В горней тишине все ведет нас к этой пресловутой третьей части, чья-то ничейная роза, какая-то роза ничья.

Однако, дорогой Томас Манн, я ведь проповедую обращенному, ибо знаю, что вы со мной согласны. Вы не против, если я выключу радио? Под конец Бетховен меня утомляет. Особенно эта бесконечная трель перед финальной вариацией. Бетховен отсылает меня к небытию; к компасу Востока, к прошлому, к болезни и к будущему. Здесь жизнь заканчивается на тонике; просто pianissimo, в тональности до мажор, чистое трезвучие, а следом вздох кварты. И небытие.
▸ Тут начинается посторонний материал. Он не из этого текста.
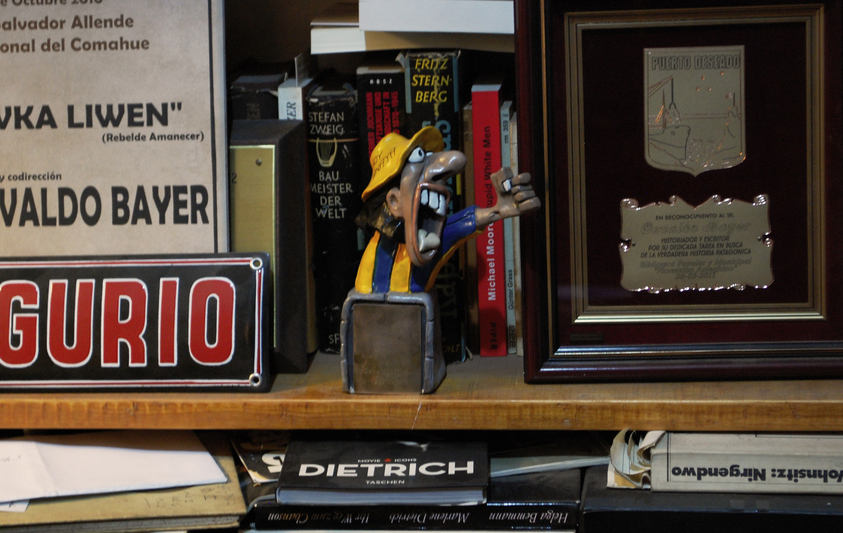 Si, con Mosquera armamos esta idea. Él quiso hacer esta articulación entre mi madre y Marlene. Mi padre me inculcó la lectura, y él estuvo en Río Gallegos cuando ocurrieron estos hechos, por eso me puse a investigar. En realidad, la mujer que más me marcó fue mi esposa, la que realmente me acompañó en mis locuras, o no locuras, como dedicar mi vida a la lucha sindical, e investigar siempre sobre los desconocidos, aquellos que han sido acallados por la historia. Por empezar, mi primer libro, Severino Di Giovanni, la persona más perseguida por el periodismo y la policía. Fue fusilado por el dictador Uriburu, que había hecho el golpe contra el presidente radical Irigoyen. Tomaron preso a Di Giovanni y le hacen un juicio los militares. Luego, lo fusilan. Recuerdo que cuando era adolescente, en los diarios, todos los años escribían: se cumple un año más de la muerte del asesino más peligroso de la historia argentina. Quise saber, investigué y tuve la suerte de dar con los compañeros de él, con sus escritos, con las cartas de amor, tuve muchos testigos…. También el juicio que le hicieron fue una vergüenza. Por ejemplo, esa bomba (señala lo que yo creía que era un adorno de bronce ubicado arriba de la mesa) era del grupo de Severino. Mi primer libro se llamó Severino Di Giovanni, el idealista de la violencia, porque aplicaba la violencia para llevar adelante sus teorías políticas del anarquismo.

Главное, не потерять направление на восток. Франц, не теряй направление на восток. Выключи радио, прекращай разговаривать вслух с волшебным призраком Манна. Манн – друг Бруно Вальтера[517]517
  Бруно Вальтер (1876–1962) – немецкий оперный и симфонический дирижер и пианист, с 1939 г. жил в США. Вальтер – давний друг Томаса Манна, в Мюнхене они жили по соседству, их дети ходили в одну школу. В 1913–1922 гг. Вальтер был «генеральмузикдиректором» Баварской оперы. Поздравляя великого дирижера с его семидесятилетием, писатель заметил: «Будь я рожден музыкантом, я сочинял бы музыку, как Цезарь Франк, и дирижировал – как ты».


[Закрыть]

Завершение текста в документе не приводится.